Billy Devine is chairman of Ballysaggart which has produced the Bennetts, Shane and Stephen, both of whom are expected to see action against Kilkenny this afternoon. Last year, a third brother, Kieran, was full back on the county under 21 team. Their father Pat hurled for the county in the 1980s but Ballysaggart does not have a tradition of producing major county players and is only a few years out of junior ranks.

“It’s difficult for rural clubs,” says Devine. “They’ve suffered from emigration and financial hardship, so it is very significant for the small clubs to see this happening. It means you can keep a club going in rural Ireland. You are now recognised at whatever level you are at. Before you were only recognised if you were one of the top senior clubs.

“And these are guys of calibre, it is great to see it happening. It gives great life to an area, to a club. We claim we are the smallest club in Waterford. We have only, I think, 85 houses, 280 people in total. We are very fortunate to have the Bennetts.”

All around this part of west Waterford there is a new vibrancy. Colligan, a junior club founded in 1928, is where you’d find Colin Dunford swearing allegiance. Kevin Casey is their club secretary. He describes the club as small, rural and dual, located about seven miles from Dungarvan. They have enjoyed brief spells in senior hurling and football but suffered badly from emigration. Jimmy Beresford played with the county hurling team in the 1980s and they had Kevin McGrath and Michael Dunford on the Waterford under 21 panel that won the 1992 All-Ireland. But Colligan hurlers wearing county jerseys is not something they take for granted.  

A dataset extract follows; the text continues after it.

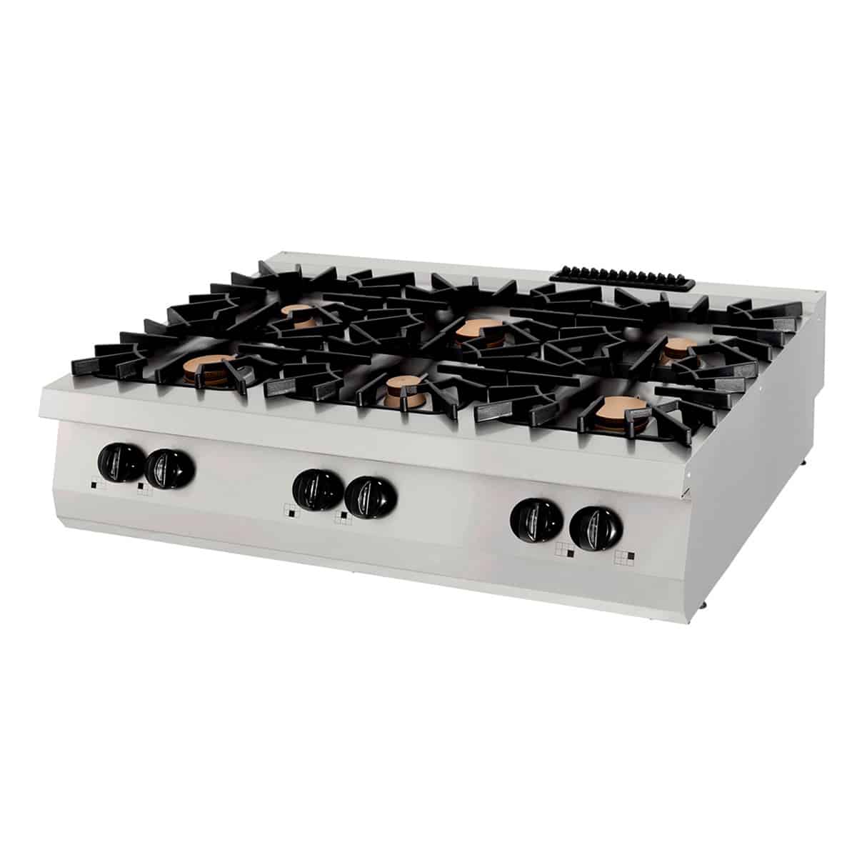 Plita profesională funcționează pe gaz și este echipată cu 6 arzătoare. Această plită este concepută pentru utilizare intensivă, iar designul ergonomic face munca mai confortabilă. Carcasa este realizată integral din inox, ceea ce permite o curățare ușoară. Grătarele pentru tigăi sunt din fontă, iar arzătoarele cromate oferă o putere mare și ardere rapidă. Datorită adâncimii de 900 mm, acest aragaz este ideal pentru tigăi mari. Există suficient spațiu pentru a folosi tigăi mari pe toate arzătoarele.

In recent years they have lost a number of western junior hurling finals, including defeats by local teams Modeligo and Ballysaggart when those clubs later went on to land county and provincial titles. But junior status doesn’t preclude anyone from consideration if they’re good enough and Waterford has seen clubs rise and make merry. Ardmore won successive promotion from junior to senior hurling in the early years of the last decade. Others are now showing the same ambition and the western intermediate championships is regarded as one of the most fiercely contested competitions in the county.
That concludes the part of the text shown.